Хиро заново наполнил чашку Сукэ, но бутылку на пол не поставил. Священник выпил еще дважды, но после четвертой чашки он всего лишь сделал глоток, вместо того чтобы выпить напиток залпом.

Хиро поставил бутылку и поднес свою чашку к губам. Они пили молча. Всякий раз, когда синоби наливал монаху сакэ, тот осыпал его благословениями, которые каждый раз звучали искренне, словно Сукэ не помнил, насколько часто повторялся этот ритуал.
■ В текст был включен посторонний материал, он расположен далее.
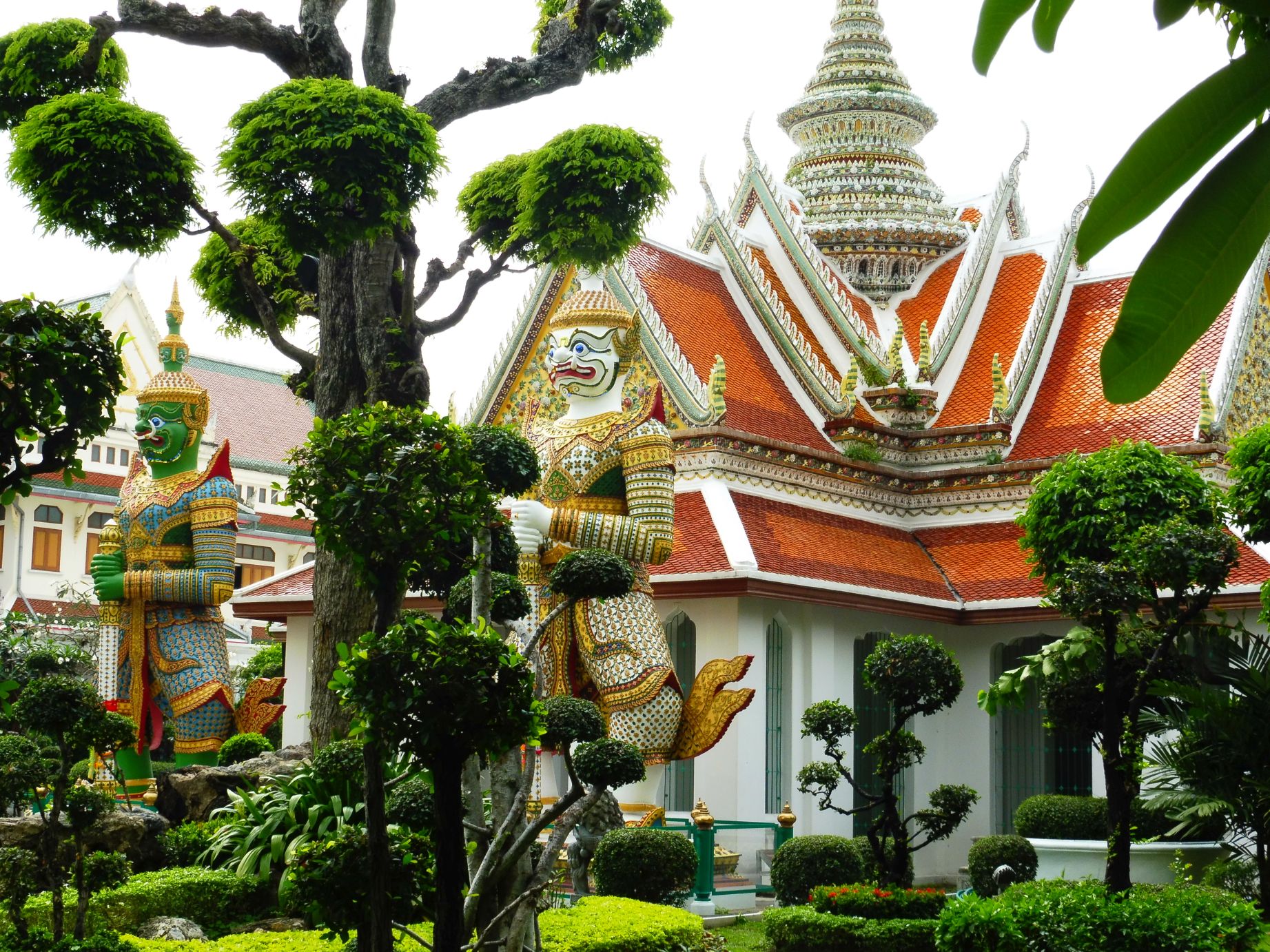 Nombroses figures de pedra embelleixen els patis i, protegides sota els porxos, les figures de Buddha hi són incomptables.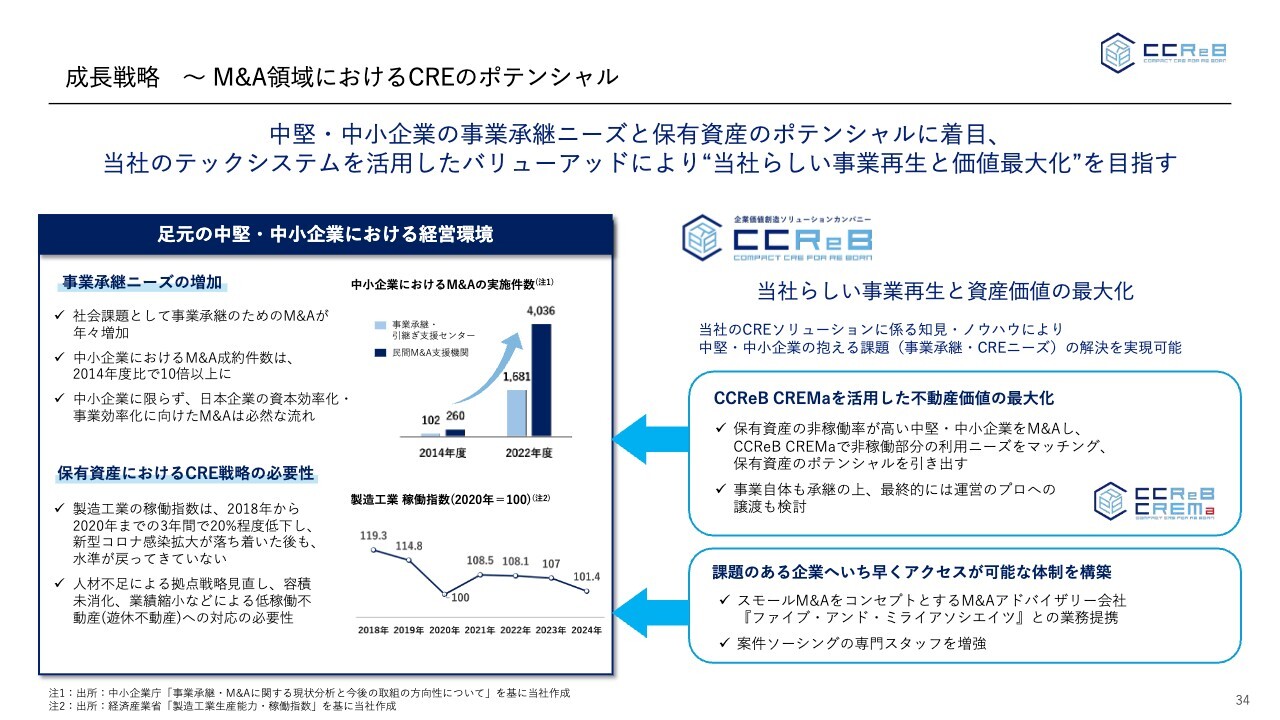 3つ目が、非常に重要なポイントである「CRE×M&A」です。スライド右側に「中堅・中小企業の経営環境を背景とした事業承継ニーズの加速」と記載していますが、これまでもさまざまな案件の申し込みが寄せられてきました。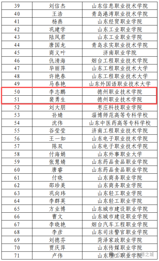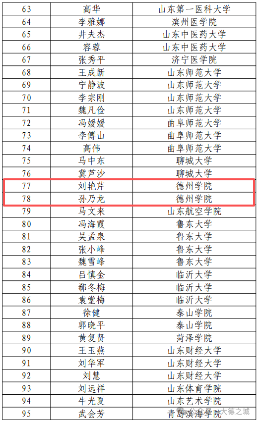 1月4日,山东省教育厅公示2025年省高等学校教学名师认定结果,共认定高等教育教学名师200人。其中德州学院刘艳芹、孙乃龙,德州职业技术学院李志鹏、裴勇生四位老师上榜。

Хиро слабо верил, что его доброта дарует ему вечное достоинство, как заявлял Сукэ, но синоби нравилось видеть старика счастливым. У Хиро при этом был отличный повод покупать сакэ, но еще лучший повод, чтобы самому не пить.

Наполнив чашку Сукэ в седьмой раз и жестом показав Гиндзиро принести еще бутылку, Хиро спросил:

– Казу давно видел?

– Не так уж и давно. – Сукэ покачал в руках чашку, осушил ее одним глотком и поставил на пол, чтобы заново наполнить. Хиро опорожнил бутылку.

Сукэ вздохнул и с тревогой посмотрел в сторону барной стойки, словно сомневаясь, что Гиндзиро принесет им еще сакэ. Только после того, как прибыла вторая бутылка и наполнились чашки, монах, казалось, вспомнил, что Хиро задал ему вопрос.

– Не сегодня. Вчера он купил мне чашечку сакэ.

Зная монаха, это скорее всего была бутылка.

– Казу хороший человек, – сказал Сукэ. – Хоть и не такой хороший как ты, Хиро. Да благословит тебя Амида Будда.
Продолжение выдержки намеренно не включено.